Copy out again, unchanged, the listing below from the line that has "隨後他還寫道:申京現在又表現" through the line that has "夫婦揃 花紋 ペアセット".

→ DATA TO USE
__________________________________________________
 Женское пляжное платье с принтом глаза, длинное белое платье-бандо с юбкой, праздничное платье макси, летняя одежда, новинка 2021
__________________________________________________
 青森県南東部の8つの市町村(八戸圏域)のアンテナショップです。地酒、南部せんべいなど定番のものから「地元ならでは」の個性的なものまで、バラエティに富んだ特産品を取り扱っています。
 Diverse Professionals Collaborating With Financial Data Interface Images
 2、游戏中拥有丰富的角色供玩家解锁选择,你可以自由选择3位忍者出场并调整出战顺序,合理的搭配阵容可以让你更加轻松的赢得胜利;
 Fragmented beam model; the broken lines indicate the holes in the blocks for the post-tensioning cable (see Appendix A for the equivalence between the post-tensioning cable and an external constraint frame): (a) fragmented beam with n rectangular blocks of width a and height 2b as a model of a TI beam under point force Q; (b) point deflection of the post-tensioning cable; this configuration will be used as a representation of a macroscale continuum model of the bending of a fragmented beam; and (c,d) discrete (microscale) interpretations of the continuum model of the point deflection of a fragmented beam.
__________________________________________________
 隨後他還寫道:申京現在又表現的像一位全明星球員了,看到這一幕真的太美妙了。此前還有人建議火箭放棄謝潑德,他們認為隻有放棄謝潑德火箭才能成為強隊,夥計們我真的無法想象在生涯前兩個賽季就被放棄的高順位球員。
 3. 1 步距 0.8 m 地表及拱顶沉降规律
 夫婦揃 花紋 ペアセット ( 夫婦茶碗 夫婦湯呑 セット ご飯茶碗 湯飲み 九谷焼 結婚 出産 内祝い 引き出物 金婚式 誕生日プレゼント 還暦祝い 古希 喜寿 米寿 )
__________________________________________________
→ EXPECTED OUTPUT
 隨後他還寫道:申京現在又表現的像一位全明星球員了,看到這一幕真的太美妙了。此前還有人建議火箭放棄謝潑德,他們認為隻有放棄謝潑德火箭才能成為強隊,夥計們我真的無法想象在生涯前兩個賽季就被放棄的高順位球員。
 3. 1 步距 0.8 m 地表及拱顶沉降规律
 夫婦揃 花紋 ペアセット ( 夫婦茶碗 夫婦湯呑 セット ご飯茶碗 湯飲み 九谷焼 結婚 出産 内祝い 引き出物 金婚式 誕生日プレゼント 還暦祝い 古希 喜寿 米寿 )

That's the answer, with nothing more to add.